Contractors who face the facts of a Pentagon drawdown see a “vibrant” future. While some contractors have chosen scare tactics, others have been more forthright. Mike Madsen, president of Honeywell’s defense and space division, recently told investors, “We recognize these cuts are going to happen…We’re not really fighting these — they need to occur.” Similarly, Samir Mehta, the president of Sikorsky military systems, said, “It’s very easy to be focused on the short term in the next two to three years, and say, ‘Boy, the meteor’s coming at us and we’re headed for really tough times,’ but if you look at this industry over the next 20-30 years, it’s going to be vibrant.” [Mike Madsen via Marketwatch, 11/19/12. Samir Mehta via Reuters, 11/28/12]
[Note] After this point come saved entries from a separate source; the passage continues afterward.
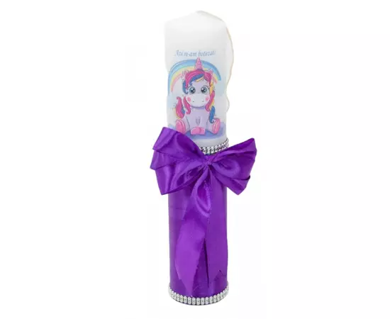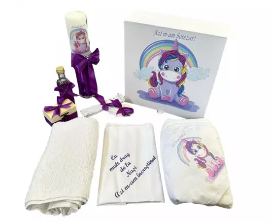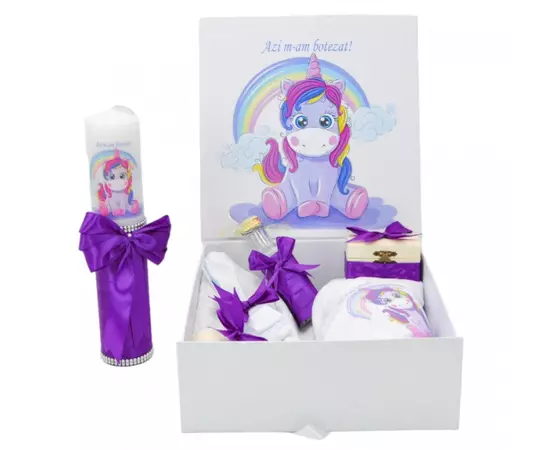 Set Cutie Trusou cu Lumanare, 9 Piese "Cu drag de la nasi" - Unicorn, Mov - TB198
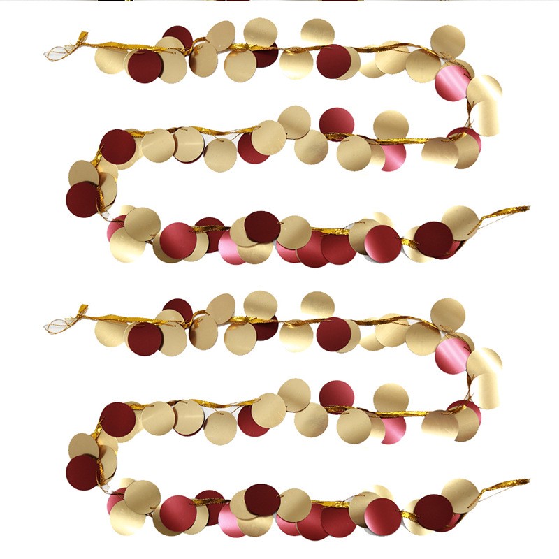Гирлянда кружочки пайетки красный+золото, 2,5 м
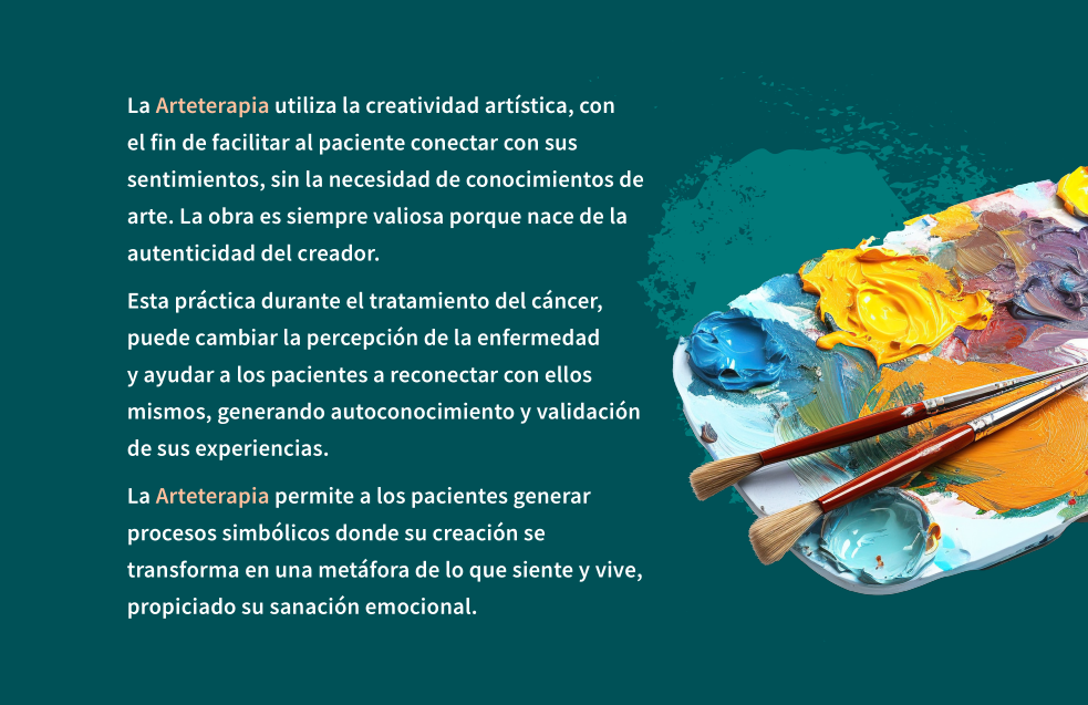 Existen terapias de apoyo o acompañamiento que permiten ayudar a los pacientes y familiares frente a estas situaciones, mejorando su bienestar emocional. Aquí es donde la Arteterapia puede ser muy beneficiosa permitiendo a los pacientes usar el lenguaje del arte y la creatividad como un canal de comunicación y expresión de sus emociones.

Emerging expert consensus: Pentagon budget will come down, can be wisely reshaped to meet future needs. Gordon Adams outlines an emerging consensus, the latest sign of which is a slew of think tank reports on reshaping Pentagon spending to support a balanced solution to deficit reduction while prioritizing the types of military capabilities required for the 21st century. “Over the past few weeks, think tanks right, left, and center have issued reports that lay out the road to a disciplined defense drawdown, in which they rethink strategy, military force, weapons buying, and management. The reports come from the Stimson Center/Peterson Foundation, the Center for American Progress, the Project on Defense Alternatives, the Center for Strategic and International Studies, and, interestingly, the RAND Corporation. They agree on a surprising number of things, and all of them suggest deep cuts are inevitable.”
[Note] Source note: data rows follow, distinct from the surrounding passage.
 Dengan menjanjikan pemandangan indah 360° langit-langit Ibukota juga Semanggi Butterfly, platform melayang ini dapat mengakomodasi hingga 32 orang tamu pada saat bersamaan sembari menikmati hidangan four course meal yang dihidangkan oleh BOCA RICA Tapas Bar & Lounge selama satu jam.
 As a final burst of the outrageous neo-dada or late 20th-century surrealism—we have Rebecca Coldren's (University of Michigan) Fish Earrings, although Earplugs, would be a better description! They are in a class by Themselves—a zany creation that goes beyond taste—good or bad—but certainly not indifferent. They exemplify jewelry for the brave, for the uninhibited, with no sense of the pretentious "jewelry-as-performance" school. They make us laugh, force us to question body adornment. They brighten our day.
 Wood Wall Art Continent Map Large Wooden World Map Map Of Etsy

Adams then goes on to sketch the parameters of the emerging consensus regarding the budgetary choices the Pentagon should make to prioritize the right capabilities: “Readers can surf the reports at will. But there are a number of strikingly consistent options they propose: All agree that the days of long-term stabilization operations, nation-building, and insurgent-chasing (read: Iraq and Afghanistan) are over…All of them agree that shrinking U.S. ground forces (Army and Marines) is the easiest and most appropriate way to cope with the new national security challenges in light of fewer resources…All of them would sharply reduce U.S. strategic nuclear forces… All agree that a robust investment in defense research and development is a suitable hedge against the future…All agree that terrorist organizations are not a strategic threat to the United States and do not necessitate a large military force…Virtually all of them, from left to right, call for greater ‘burden-sharing’ from U.S. allies as a way of reducing the U.S. load.” [Gordon Adams, 11/27/12]

What We’re Reading

A roadside bomb struck a minivan in a remote part of southern Afghanistan, killing at least 10 people and wounding 8 more.
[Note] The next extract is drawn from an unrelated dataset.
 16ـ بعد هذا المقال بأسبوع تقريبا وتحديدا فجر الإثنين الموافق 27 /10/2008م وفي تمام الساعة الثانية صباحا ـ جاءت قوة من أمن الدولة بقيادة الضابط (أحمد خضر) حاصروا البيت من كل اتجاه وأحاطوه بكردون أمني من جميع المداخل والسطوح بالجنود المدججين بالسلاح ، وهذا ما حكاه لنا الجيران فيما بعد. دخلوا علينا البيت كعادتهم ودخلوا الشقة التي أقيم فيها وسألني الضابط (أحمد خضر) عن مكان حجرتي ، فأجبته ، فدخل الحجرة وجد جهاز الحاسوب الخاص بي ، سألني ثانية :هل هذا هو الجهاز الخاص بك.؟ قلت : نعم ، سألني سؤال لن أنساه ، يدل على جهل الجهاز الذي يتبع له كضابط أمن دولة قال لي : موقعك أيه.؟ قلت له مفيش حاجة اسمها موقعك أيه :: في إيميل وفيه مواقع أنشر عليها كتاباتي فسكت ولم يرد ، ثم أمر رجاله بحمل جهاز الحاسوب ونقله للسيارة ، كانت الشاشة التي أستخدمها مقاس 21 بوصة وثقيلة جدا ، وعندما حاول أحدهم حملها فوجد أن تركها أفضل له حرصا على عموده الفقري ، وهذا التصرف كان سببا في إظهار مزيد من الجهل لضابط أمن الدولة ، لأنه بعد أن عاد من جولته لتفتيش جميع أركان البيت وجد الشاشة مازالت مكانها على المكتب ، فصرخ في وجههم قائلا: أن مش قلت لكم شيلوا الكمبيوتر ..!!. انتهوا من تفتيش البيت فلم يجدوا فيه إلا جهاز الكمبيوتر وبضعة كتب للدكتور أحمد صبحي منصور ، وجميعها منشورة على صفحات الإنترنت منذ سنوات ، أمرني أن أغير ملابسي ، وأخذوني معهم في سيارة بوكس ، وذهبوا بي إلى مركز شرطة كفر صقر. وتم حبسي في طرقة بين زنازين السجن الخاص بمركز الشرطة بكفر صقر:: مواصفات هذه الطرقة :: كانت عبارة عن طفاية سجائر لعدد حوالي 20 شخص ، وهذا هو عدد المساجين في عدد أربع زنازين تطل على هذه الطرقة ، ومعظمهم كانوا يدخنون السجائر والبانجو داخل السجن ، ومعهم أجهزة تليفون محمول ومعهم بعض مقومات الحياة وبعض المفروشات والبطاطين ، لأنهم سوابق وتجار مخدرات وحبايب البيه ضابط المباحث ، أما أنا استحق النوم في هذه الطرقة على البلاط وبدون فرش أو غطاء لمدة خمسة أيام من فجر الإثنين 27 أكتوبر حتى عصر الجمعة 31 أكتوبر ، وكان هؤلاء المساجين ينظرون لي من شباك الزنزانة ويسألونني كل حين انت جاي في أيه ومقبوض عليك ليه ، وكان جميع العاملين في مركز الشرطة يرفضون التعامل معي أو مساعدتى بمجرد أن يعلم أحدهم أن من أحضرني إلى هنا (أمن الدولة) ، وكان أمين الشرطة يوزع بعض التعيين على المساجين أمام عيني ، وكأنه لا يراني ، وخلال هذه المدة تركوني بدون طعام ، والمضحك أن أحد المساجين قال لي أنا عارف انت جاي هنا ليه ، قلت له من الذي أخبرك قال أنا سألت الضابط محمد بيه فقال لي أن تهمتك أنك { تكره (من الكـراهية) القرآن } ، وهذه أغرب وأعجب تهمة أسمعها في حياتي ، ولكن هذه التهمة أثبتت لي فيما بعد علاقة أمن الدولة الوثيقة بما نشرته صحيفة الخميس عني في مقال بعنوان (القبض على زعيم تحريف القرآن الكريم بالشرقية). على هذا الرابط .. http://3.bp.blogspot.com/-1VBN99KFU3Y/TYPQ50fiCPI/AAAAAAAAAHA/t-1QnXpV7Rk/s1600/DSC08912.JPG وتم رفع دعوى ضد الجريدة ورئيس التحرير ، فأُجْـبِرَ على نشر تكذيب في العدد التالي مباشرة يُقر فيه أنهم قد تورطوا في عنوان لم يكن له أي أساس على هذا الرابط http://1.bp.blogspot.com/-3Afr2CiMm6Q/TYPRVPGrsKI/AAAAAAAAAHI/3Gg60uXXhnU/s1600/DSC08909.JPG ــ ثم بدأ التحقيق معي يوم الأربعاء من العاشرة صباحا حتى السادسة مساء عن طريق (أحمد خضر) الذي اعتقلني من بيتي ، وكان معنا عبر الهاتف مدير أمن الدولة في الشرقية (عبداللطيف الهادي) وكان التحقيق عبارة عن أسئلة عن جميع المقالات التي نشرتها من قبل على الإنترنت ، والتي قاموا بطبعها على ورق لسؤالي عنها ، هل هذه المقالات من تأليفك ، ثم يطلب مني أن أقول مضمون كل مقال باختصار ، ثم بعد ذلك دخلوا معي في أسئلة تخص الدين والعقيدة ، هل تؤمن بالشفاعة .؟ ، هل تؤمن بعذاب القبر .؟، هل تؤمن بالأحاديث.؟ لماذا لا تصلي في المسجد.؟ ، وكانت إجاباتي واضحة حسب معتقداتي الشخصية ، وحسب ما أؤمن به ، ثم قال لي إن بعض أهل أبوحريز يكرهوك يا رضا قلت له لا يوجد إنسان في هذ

At least 32 people were killed and more than 120 injured in Iraq, police officials said, as a series of bomb attacks struck the country for a third day.

The UN General Assembly is set by an overwhelming margin to upgrade Palestine to non-voting observer status, despite threats by the United States and Israel to punish the Palestinian Authority by withholding much-needed funds for the West Bank government.

Syrian rebels battled forces loyal to President Bashar al Assad just outside Damascus, forcing the closure of the main airport road.

Three boys ages 12 to 14, who were allegedly due to be trained as suicide bombers, were arrested with their suspected handler in northwest Pakistan.

Egypt’s Islamist-dominated constitutional convention began voting on the 230 articles of the nation’s draft charter, a move that could inflame a political crisis touched off last week when President Mohamed Morsi gave himself sweeping new powers.

North Korea has made further progress in the construction of a new atomic reactor, the UN nuclear chief reported, a facility that may extend the country’s capacity to produce material for nuclear bombs.

European Union foreign ministers say they have agreed to open free trade negotiations with Japan.

Ramush Haradinaj, a former guerrilla fighter in Kosovo who served briefly as prime minister, was acquitted of war crimes for a second time, clearing the way for his return to mainstream politics but angering Serbia.

A Pakistani militant commander who directs attacks against American and allied forces in Afghanistan was wounded in a suicide attack that killed six other people, Pakistani officials said.

Commentary of the Day

Jessica Mathews gives ten predictions for a year of brewing conflict in 2013.

James Fallows argues that overseas jobs might be coming back to America.